China’s telecoms sector has come down to earth. Operator revenues have declined year-on-year (YoY) for two straight quarters. However, China’s cloud/over-the-top (OTT) providers are surging: Annual revenue growth for China’s Internet content providers (ICPs) is above 30% and capex growth is strong. China’s tech vendors will benefit initially, but as China’s ICPs expand globally, they are likely to diversify their corporate relationships.
Annualized China ICP capex grew 39% in 1Q16 to $4.7b
Over the last four quarters (2Q15–1Q16), capex spend by China’s ICPs was around $4.7 billion, up 39% from 2Q14–1Q15. That is impressive growth, but the absolute level remains small relative to the telco market. China’s total telecoms service provider revenue for the same period was $60 billion, nearly 13 times that in the ICP market. This makes China’s ICP sector small in relative terms: The global telecoms service provider market was only four times that of ICPs for the same period. China’s restrictive regulatory climate is a likely factor behind this disparity.
Even with friendly regulators, Chinese operators are now struggling to find growth. Service revenues are flat to down, and device revenues are not quite making up the difference. The big three, China Mobile, China Unicom, and China Telecom, may benefit on the cost side from their recent tower spin-off, China Communications Facilities. However, they also now face a new entrant in the shape of cable TV player China Broadcasting Network. Local telcos face a range of homegrown ICPs, each with a slightly different business model, many impacting the telco business competitively. The homegrown ICPs Ovum tracks include Alibaba, Baidu, Qihoo 360, Sina, Sohu, Xunlei, Youku (now part of Alibaba), and YY.

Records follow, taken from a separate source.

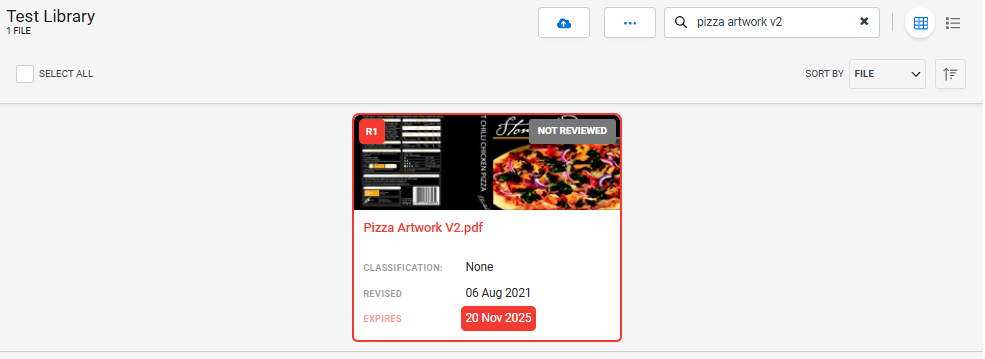 Viewing the library in Grid View will show a thumbnail of the asset with a red border, the asset name and expired section also in red: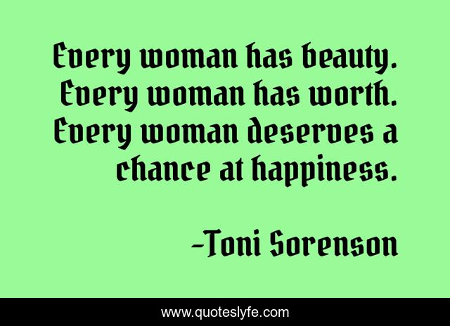 This page presents the quote "Every woman has beauty. Every woman has worth. Every woman deserves a chance at happiness.". Author of this quote is Toni Sorenson. This quote is about love, happiness, affection, women,.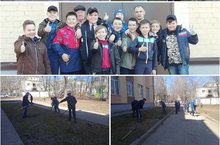 Все классы нашей школы убирают территорию рядом со школой. Папы и дедушки 5А класса подают отличный пример своим сыновьям и внукам, учавствуя в уборке вместе с детьми.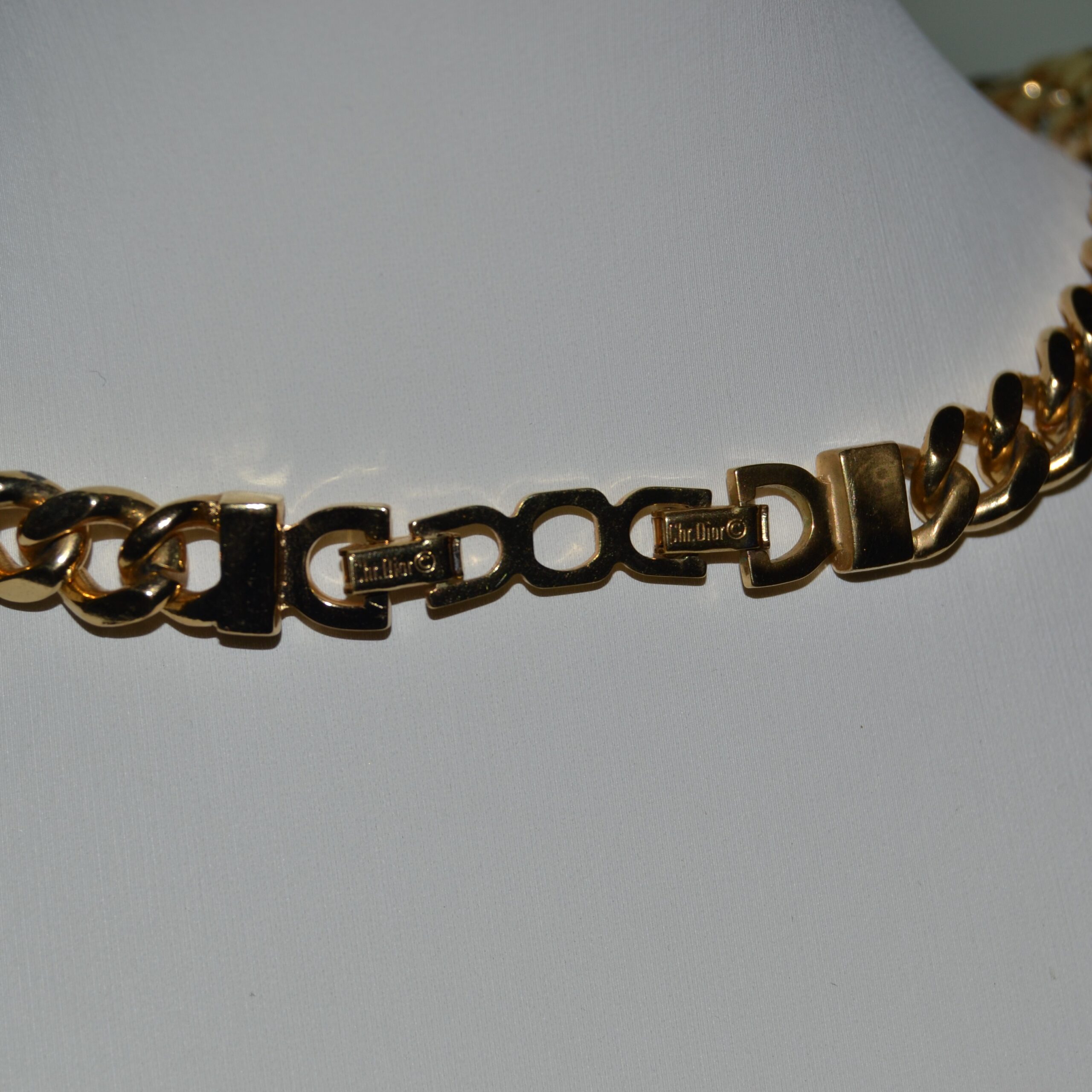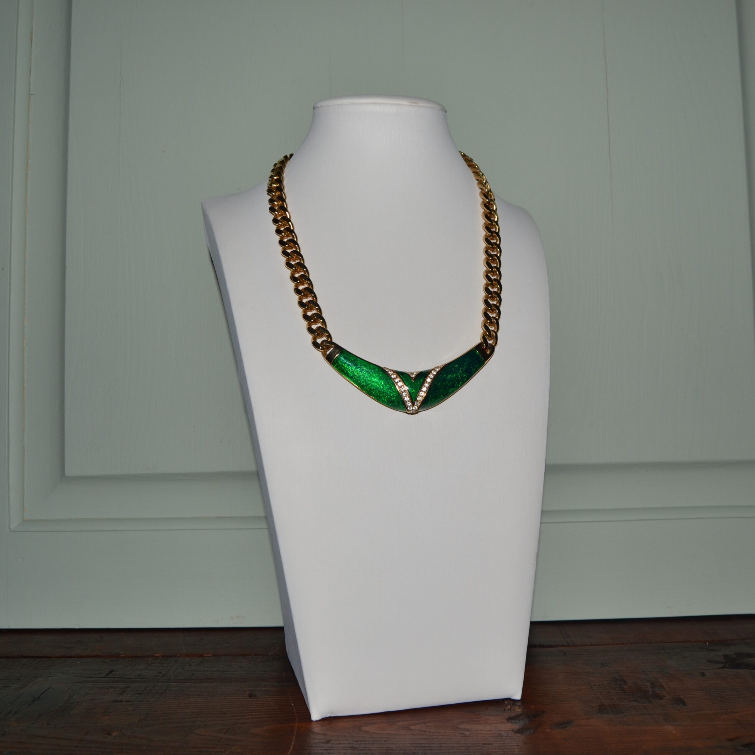 Collana vintage DIOR anni ottanta “LUNA VERDE” in lega tono oro e smalto verde con strass. Condizioni perfette. Marchio Chr.Dior sul retro. Lunghezza max. cm.42,5

China’s ICPs are globalizing and growing
Over the last year, China’s ICPs have grown much larger, entering new markets domestically (e.g. Alibaba’s Netflix-like service Tmall Box Office), investing abroad (e.g. Tencent’s data center collocation deals with Equinix and Cogeco), and working more closely with the global tech supply chain (e.g. both Tencent and Alibaba joining the SDN/NFV-focused Open Daylight Project earlier this year). There also has been some consolidation, as companies realign business models and search for scale in their key markets. Alibaba closed its $4.1 billion acquisition of Youku in April 2016, while Baidu is spinning off its video division (iQiyi) for $2.8 billion. These types of shifts are natural as a new market evolves.
Chinese ICPs’ biggest investments are large data centers and related infrastructure (e.g. data center interconnect, cloud software), along with real estate. Some of China’s ICPs have their own network backbone, typically built off leased fiber procured from one of the main CSPs, and optical/packet gear from a local supplier. Overseas, Alibaba has been most aggressive, with two data centers in Silicon Valley, and a $1 billion cloud expansion underway, which was announced in late 2015. However, its revenue streams and network assets are almost entirely in China.
Growth prospects for China’s ICPs remain good, absent a regulatory shock. Even with the country’s recent financial market turmoil and moderation in GDP growth, this is still China. Perspective may help. Ten years ago, China’s telco sector (in capex terms) was roughly one-third the size of North America and now they are roughly equal. China’s ICPs may not catch up to local telcos as quickly, but they are worth watching.